Неудивительно, что, прослышав о приглашении на бал правительства (здесь говорили — вождей), в Вавилон, невзирая на лютое бездорожье, двинулись гости из ближних и дальних сел и даже из соседнего района. Неприглашенных прибыло явно больше, чем приглашенных, — у них, у неприглашенных, были неотложные дела к правительству. В сельсовете загрустили: «Не надо было нам больно то звонить о высоких гостях». Никто не знал, как быть с неприглашенными. Отправлять обратно — неучтиво для Вавилона, это же вам не какое нибудь Прицкое или Козов, батенька. Разнесут такую молву, что потом век не отдышишься. Решили готовить запасные «бальные» хаты, на тот случай, если овин всех не вместит.
А они едут и едут, целые депутации — со знаменами, а иные и с музыкантами (а ведь музыкант тоже божьим духом сыт не будет). Кто то подал отличную мысль — своих в эти самые «бальные» хаты, а гостей в овин, свои уж пусть извинят. Но тут категорически запротестовал сам актив. Послали за Фабианом, но тот был в предбальном состоянии, а с подвыпившего философа какой спрос!
Когда с крыльца вбегал Савка Чибис (он там высматривал гостей) и оповещал, кто прибыл, откуда и сколько подвод, Варивон Ткачук восклицал: «Непрошеные! Непрошеные!» А Лукьян Соколюк хватался за голову и шел приветствовать их заученными наизусть ело вами, приветствовать на древней вавилонской земле, где начинается новая жизнь и зарождаются совершенно новые социалистические традиции, свидетельством чего и должен быть этот первый свекольный бал. Весь актив при этом также выходил на крыльцо и равно приветливо улыбался прошеным и непрошеным, один только Савка по-шутовски хохотал, сводя на нет всю торжественность минуты.

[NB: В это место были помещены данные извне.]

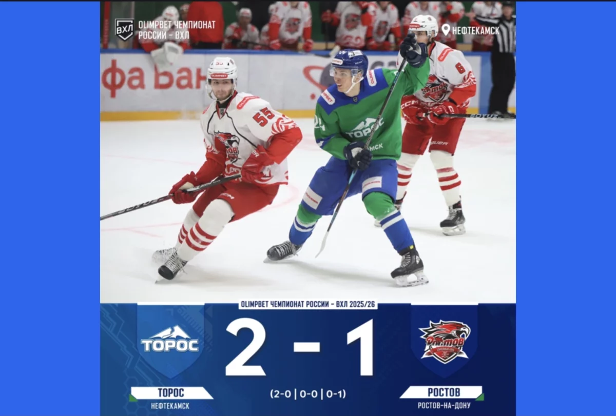 Накануне нефтекамский «Торос» одержал непростую победу в рамках Чемпионата ВХЛ сезона 2025/26. Дома он принимал «Ростов» и выиграл - 2:1.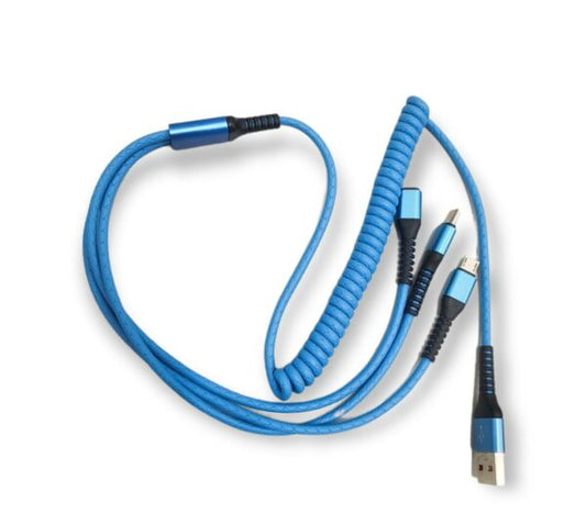 1.5M USB Type C Lightning Micro 3 in 1 Charging Coiled Spring Cable 3A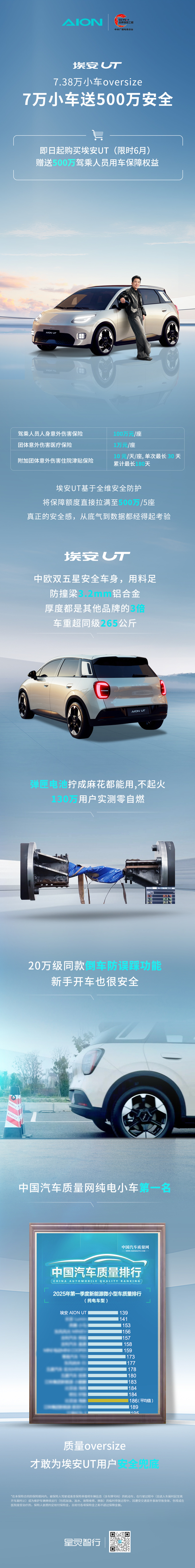 埃安UT以7万级的定位,构建了涵盖被动安全结构、电池本质安全、主动安全防护与整车可靠品质的立体防护体系,这份对安全的极致追求,成为品牌敢于推出500万天价保单的深层逻辑。从源头上降低安全事故的概率,再用500万天价保单把安全保障拉满,埃安UT小车尺寸,也能给到乘客足够大的安全。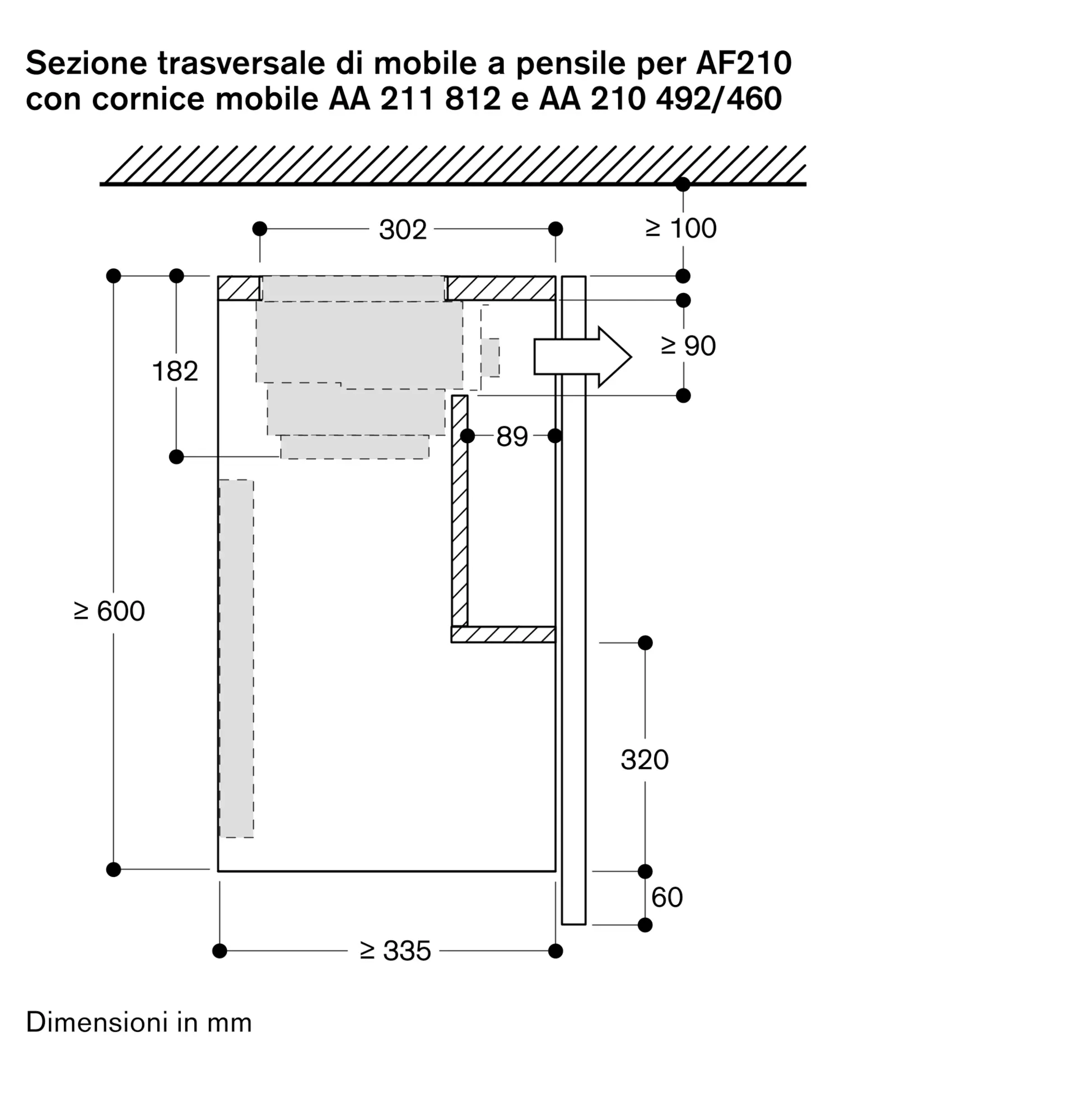 La profondità del cabinet superiore insieme nel kit di sospensione è di 335 mm.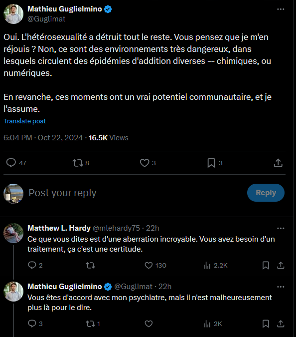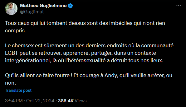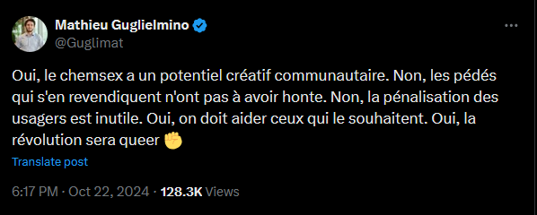 Sauf que ce qu'ils utilisent pour du chemsex, c'est TRÈS addictif (3mmc, coke...)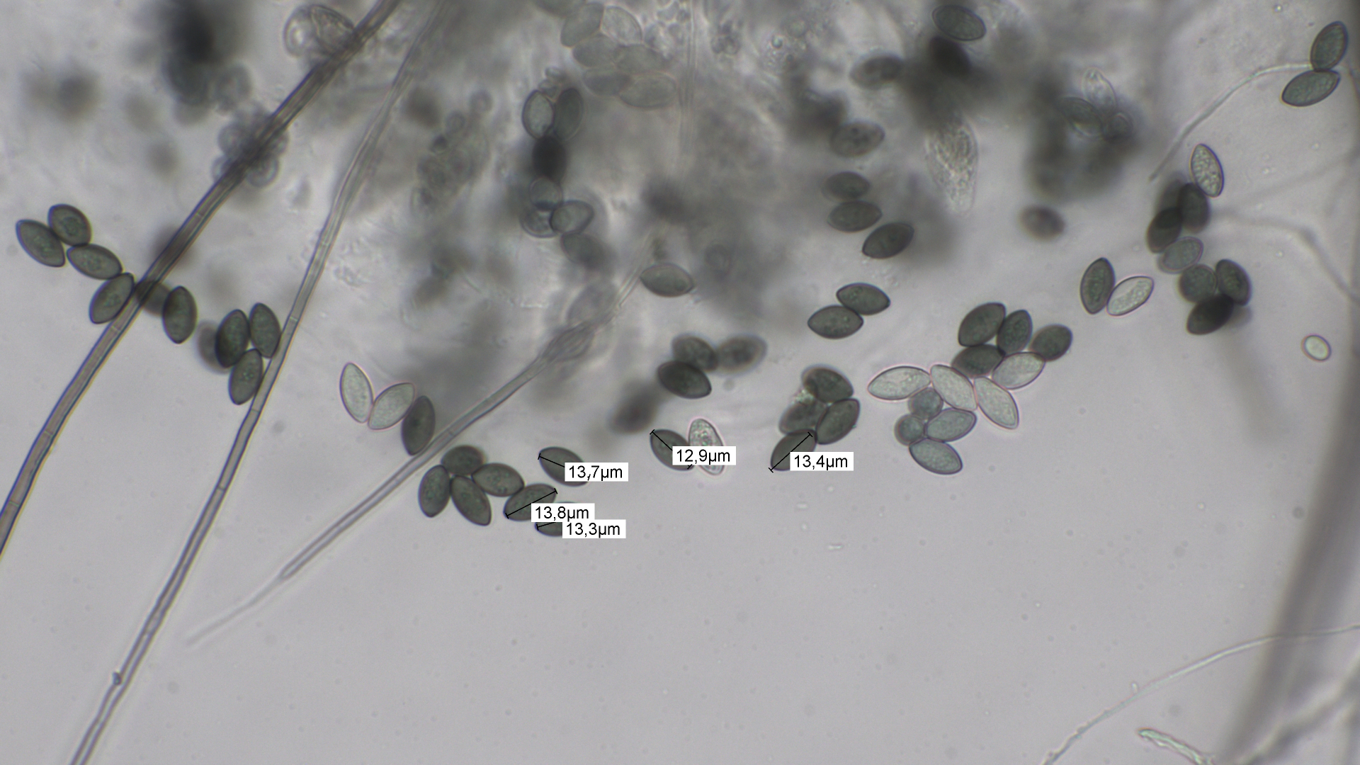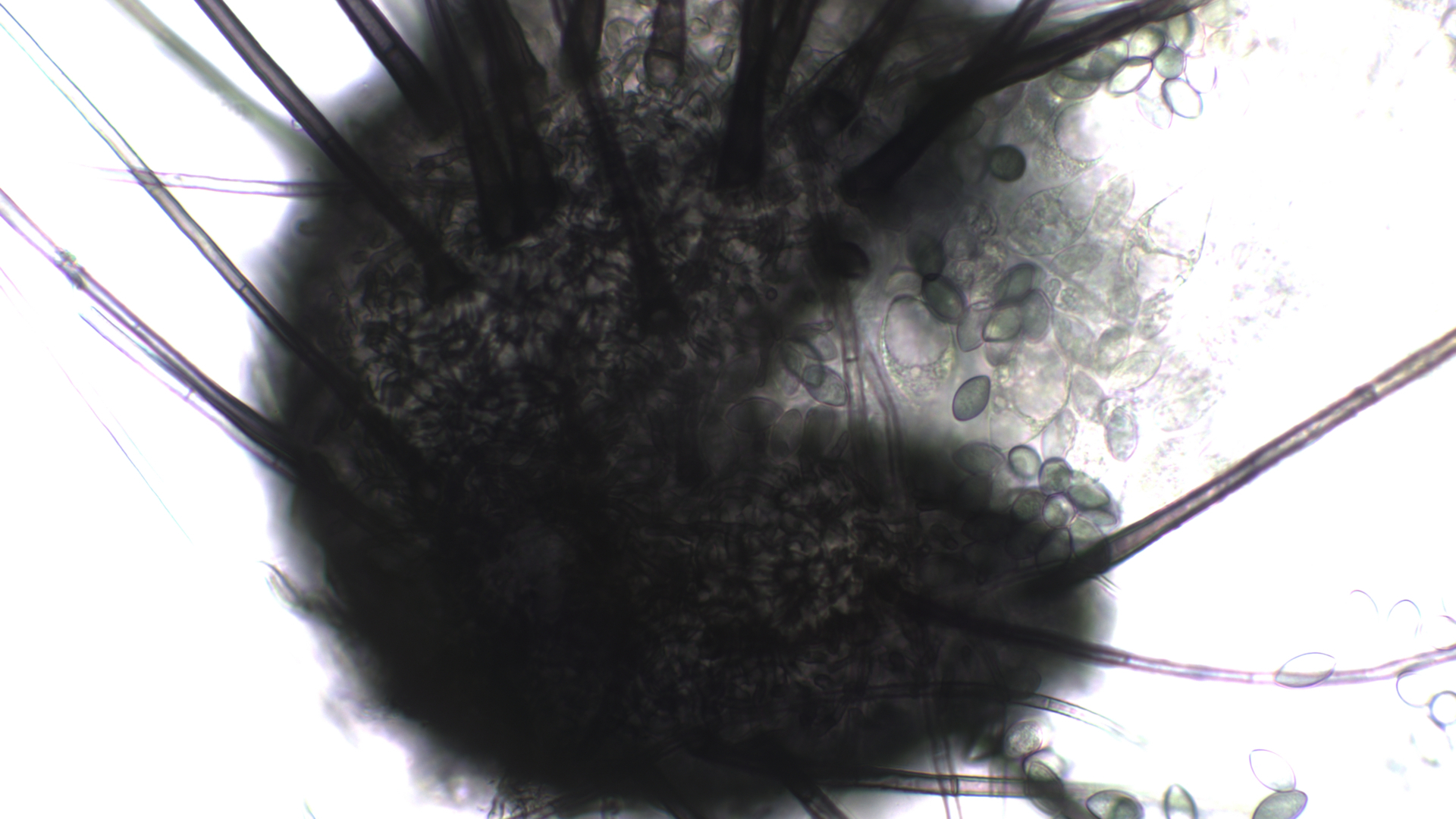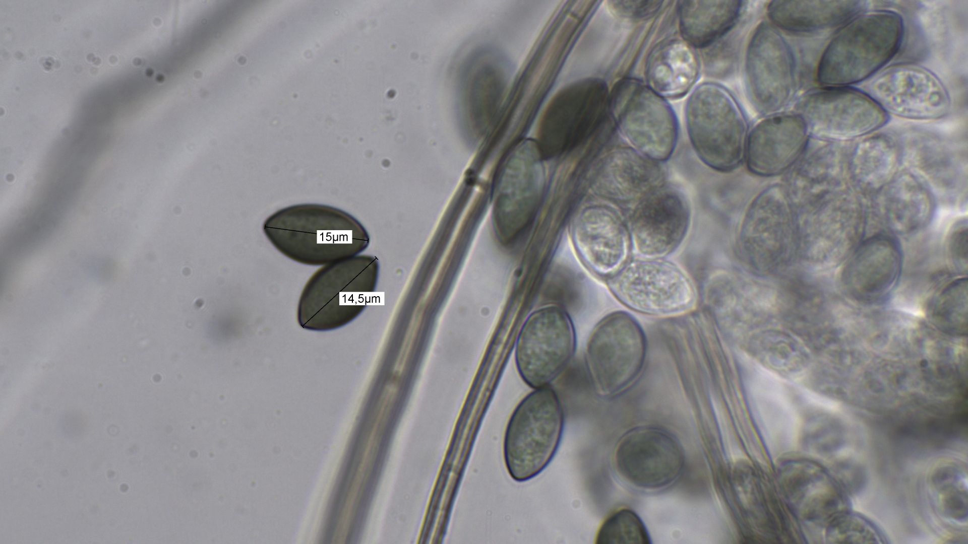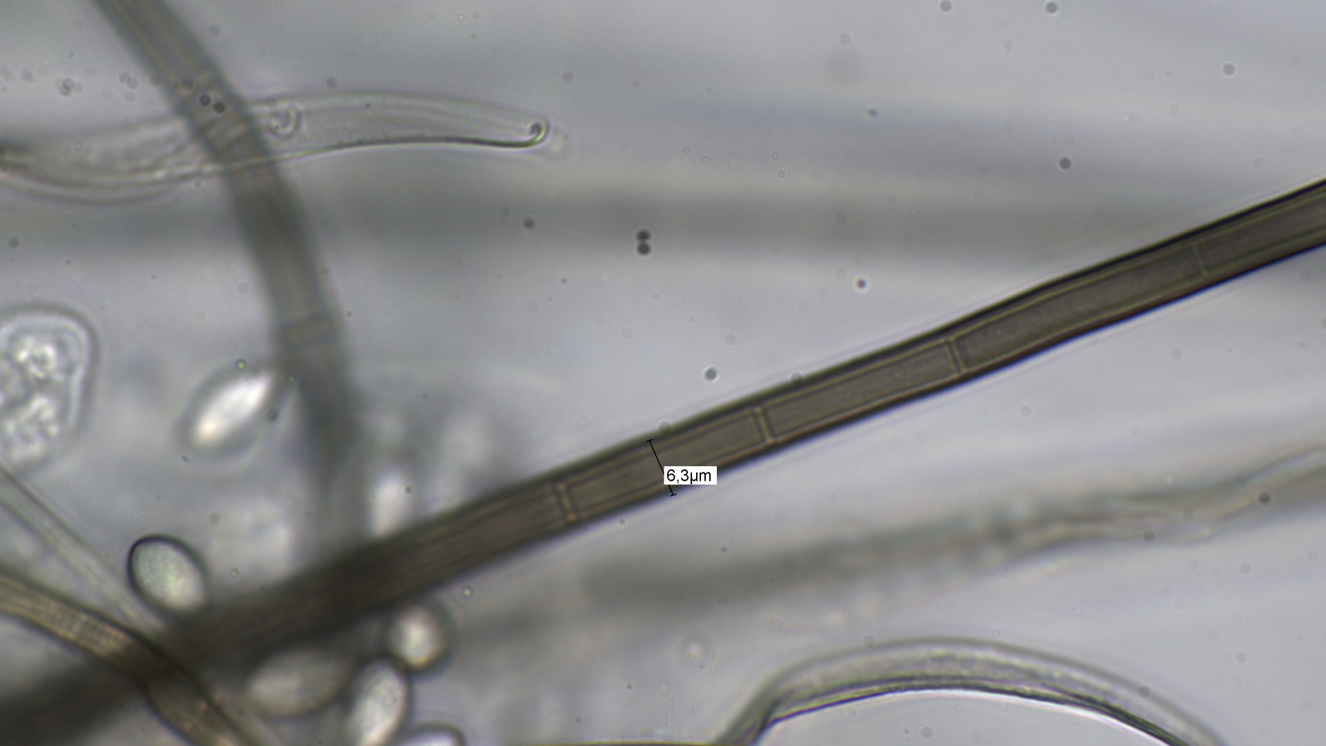 Hab mir noch mal ein paar Fruchtkörper vorgenommen- sie sind definitiv rund haben ringsum Haare, Sporenbreite hab ich auch noch gemessen. Fotos der Wand sind dabei, sind die cephalothecoid? (und richtigrum geschrieben?

Около полудня вся площадь была уже запружена возами в паласах и коврах домашней выработки — у каждого села были свои излюбленные расцветки, но особенно выделялось Прицкое, где открыли когда то секрет чуть ли не иберийского пурпура и откуда нынешние гости прибыли на коврах этого цвета. Меж разноцветных возов расхаживал Фабиан с козленком, торжественный, В бекеше и в шапке, с золотыми очками на носу, исполненный гордости за свой Вавилон. Он любезно препровождал гостей в овин, а точнее, на площадку перед воротами овина, которую по этому случаю очистили от мусора и посыпали красным песочком, привезенным загодя из глинских карьеров. Уже прибыли и «каштеляны», и «черные клобуки», и «золотые мухи» (которые еще недавно звались «дохлыми мухами»), и все малые народы, с которыми Вавилон когда то вел многолетние и неутихающие войны, а ныне жил в мире и согласии. Иные знали друг друга еще по тем войнам, что велись во времена известного вавилонского атамана Журавки, а впоследствии — по ярмаркам, глинским, шаргородским и шпиковским; так они теперь узнавали давних противников, братались, подшучивали над своим прошлым, а заодно и над овином, перед которым толпились, сгорая от нетерпения увидеть, когда же наконец растворятся бальные врата…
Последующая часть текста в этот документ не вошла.